Public Television, which uses many N.E.H. funded documentaries and is itself funded by the U.S. government (see JUMP CUT, No. 22), has held up showing many public issue documentaries made during the Carter administration. According to Mother Jones (July 1, 1982), Public Television refused to show Howard Petrick's THE CASE OF THE LEGLESS VETERAN, JAMES KUTCHER because it had too much in it about the socialist political history of a veteran who was fired for political reasons, and Susanna Styron's IN OUR OWN BACKYARDS, a film about uranium mining. Public Television similarly moved away from prime time a film about U.S. foreign policy in the Western Saraha, BLOOD AND SAND, produced by Sharon Sopher.
Although independent filmmakers legitimately hope Public Television will provide a way for their work to be seen by a larger public, they must understand the interconnections of federal funding between N.E.H., N.E.A., the Corporation for Public Broadcasting (C.P.B.), the Public Broadcasting System (P.B.S. — which actually buys and markets programs to the various stations), and the many individual public television stations. Such an interrelation means that the general timidity and fear felt by these agencies during the Reagan administration is affecting the television distribution of films and videotapes on radical topics.
For this reason, it is vital that we support the distribution of such works through alternative media networks, and, in the case of films on Central America, through local solidarity groups working in support of Nicaragua and El Salvador. Many of these groups buy a print of a film, slide show, or tape. The discussion after these presentations provides a whole different experience than seeing the same film on television.

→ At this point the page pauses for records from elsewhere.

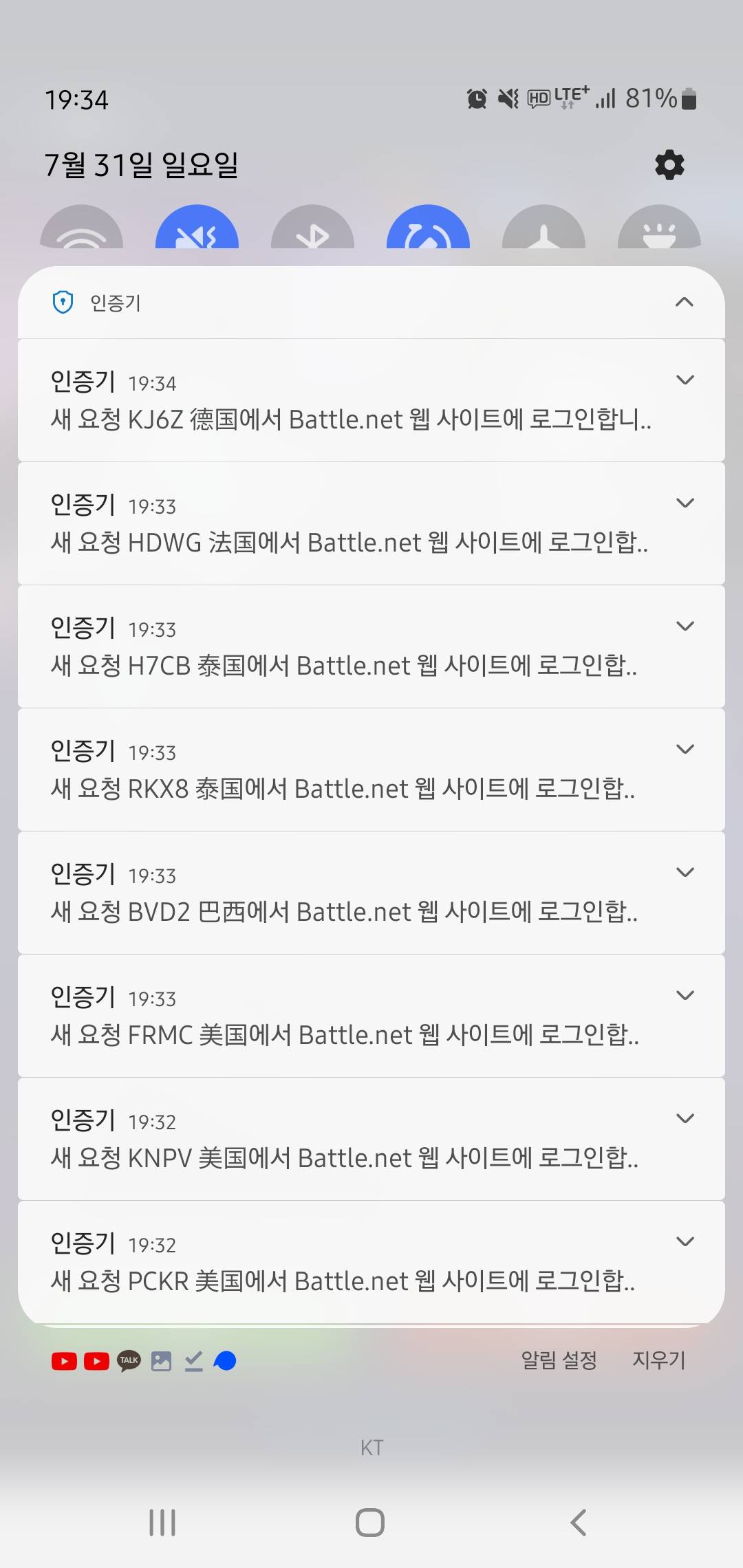계정 털린거라 비번 바꿔 쟤네가 계속 바꾸면 이멜도 털린거임ㅋ
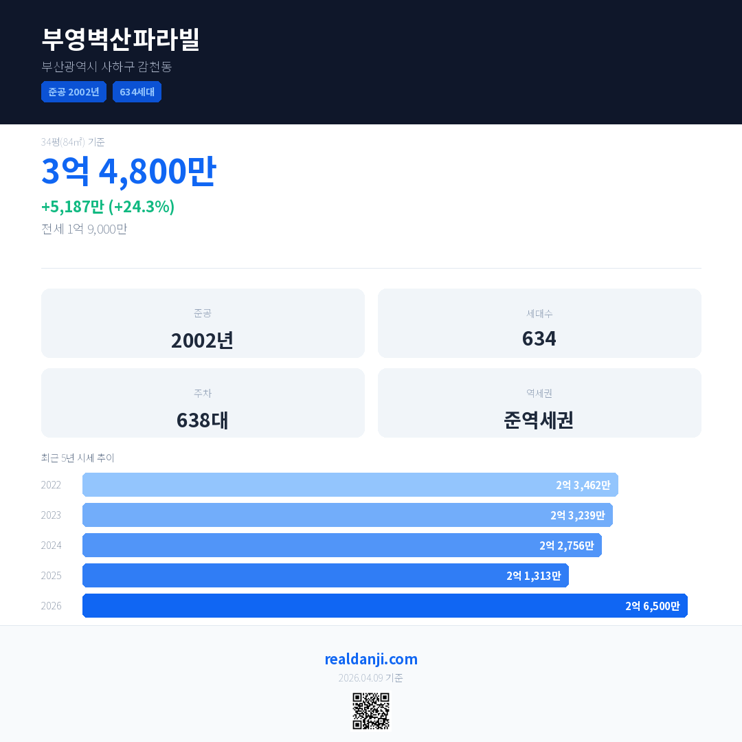 부영벽산파라빌 국민평형 기준 2026년 평균 거래가는 2억 6,500만으로, 전년 대비 24.3% 상승 했습니다.
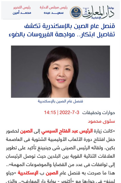 近日,驻亚历山大总领事赵丽莹接受埃及十月杂志及《知识门户》新闻网站书面采访,就中国疫情防控、经济发展、中埃合作最新情况等问题回答了记者提问,全文如下:
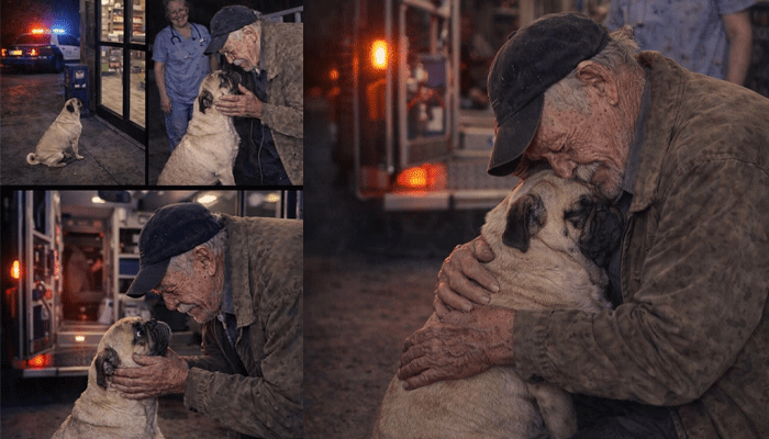 Benny was no ordinary stray. Three days earlier, his elderly owner, Mr. Henderson, had collapsed on that very sidewalk, struck by a sudden heart attack. The ambulance had taken him away, leaving Benny behind. Alone, the pug had refused to leave. Rain, cold nights, strangers trying to carry him off—none of it had deterred him. He remained, waiting, believing that his person would return.

JUMP CUT is committed to building an alternative media culture in the United States. In the meantime, however, we must assert the rights of freedom of expression for radical filmmakers, and protest the overt censorship of their work. Letters should be sent to William J. Bennett, Chairperson, N.E.H., 806 15th Street, NW, Washington, D.C., 20506 and to your Congress persons about FROM THE ASHES and Bennett's overt efforts to censor the arts.
Letters should also be sent to Robben W. Fleming, President, Corporation for Public Broadcasting, 1111 16th Street, NW, Washington, D.C., 20036; and to Lawrence K. Grossman, President, Public Broadcasting System, 475 L'Enfant Plaza W., Southwest Washington, D.C., 20024; and to your local Public Television station. Tell them what you want to see and that you don't want them to censor it. All the documentaries listed in this issue can and should be a part of Public Television's regular fare.